By Humeyra Pamuk
UNITED NATIONS (Reuters) – The United States is engaging in diplomatic outreach after Azerbaijan launched “anti-terrorist activities” in the Nagorno-Karabakh region on Tuesday, U.S. officials said, adding that the incident was particularly dangerous.
A senior U.S. State Department official said U.S. Secretary of State Antony Blinken was likely to get involved in the next 24 hours in the diplomatic engagement already under way on the tensions between Armenia and Azerbaijan.
Armenia’s Prime Minister Nikol Pashinyan and Blinken discussed the situation and stated the need for de-escalation, Interfax reported, citing the Armenian government.
Azerbaijan launched military action in the Nagorno-Karabakh region, a step that could presage a new war in the volatile area but which Baku said was necessary to restore constitutional order and drive out Armenian military formations.
A second senior State Department official said the incident overnight was “particularly egregious and particularly dangerous, so we’ll obviously be in touch with all sides.”

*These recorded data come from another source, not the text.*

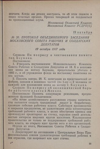 Протокол объединенного заседания Московского совета рабочих и солдатских депутатов. 19 октября 1917 года // ЦАОР. Протоколы заседаний Московского Совета Рабочих Депутатов (в копиях), кн. III, инвент. № 301/С, стр. 401-402.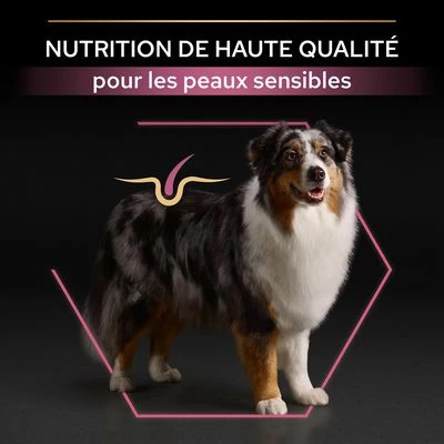 Aliment complet pour chien âgé dès 7 ans de moyenne et grande race (dès 10 kg) à la peau sensible, sans gluten de blé, sources de protéines sélectionnées, riche en acides gras oméga 3. Anciennement : OPTIDERMA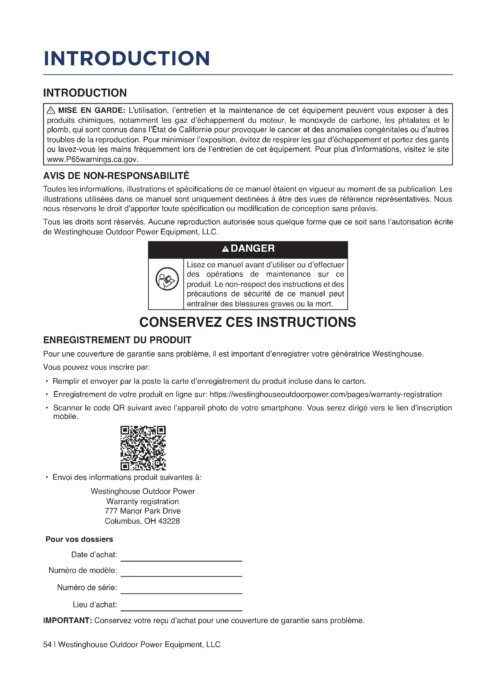 REMARQUER ........................................................................76 DÉPANNAGE .........................................................................7754 | Westinghouse Outdoor Power Equipment, LLC INTRODUCTION INTRODUCTION MISE EN GARDE: L’utilisation, l’entretien et la maintenance de cet équipement peuvent vous exposer à des produits chimiques, notamment les gaz d’échappement du moteur, le monoxyde de carbone, les phtalates et le plomb, qui sont connus dans l’État de Californie pour provoquer le cancer et des anomalies congénitales ou d’autres troubles de la reproduction. Pour minimiser l’exposition, évitez de respirer les gaz d’échappement et portez des gants ou lavez-vous les mains fréquemment lors de l’entretien de cet équipement. Pour plus d’informations, visitez le site www.P65warnings.ca.gov.

Karabakh is internationally recognized as Azerbaijani territory but part of it is run by breakaway ethnic Armenian authorities who say the area is their ancestral homeland. It has been at the center of two wars – the latest in 2020 – since the 1991 fall of the Soviet Union.
This week, the International Committee of the Red Cross (ICRC) was able to make simultaneous aid deliveries via the Lachin corridor and a separate road linking Karabakh to the Azerbaijani city of Aghdam.
Despite that, tensions have risen sharply this month, with Armenia and Azerbaijan accusing each other of building up troops.
“It’s concerning that this happened overnight, especially because we did see some progress yesterday with shipments moving through the Lachin corridor,” the first official said.
Armenia and Azerbaijan have already fought two wars over Karabakh in the three decades since the Soviet Union collapsed. Both had been part of the Soviet Union.
Analysts say successive rounds of talks, mediated variously by the European Union, the United States and Russia, have brought the two sides closer to a permanent peace treaty than they have been for years, but a final settlement remains elusive.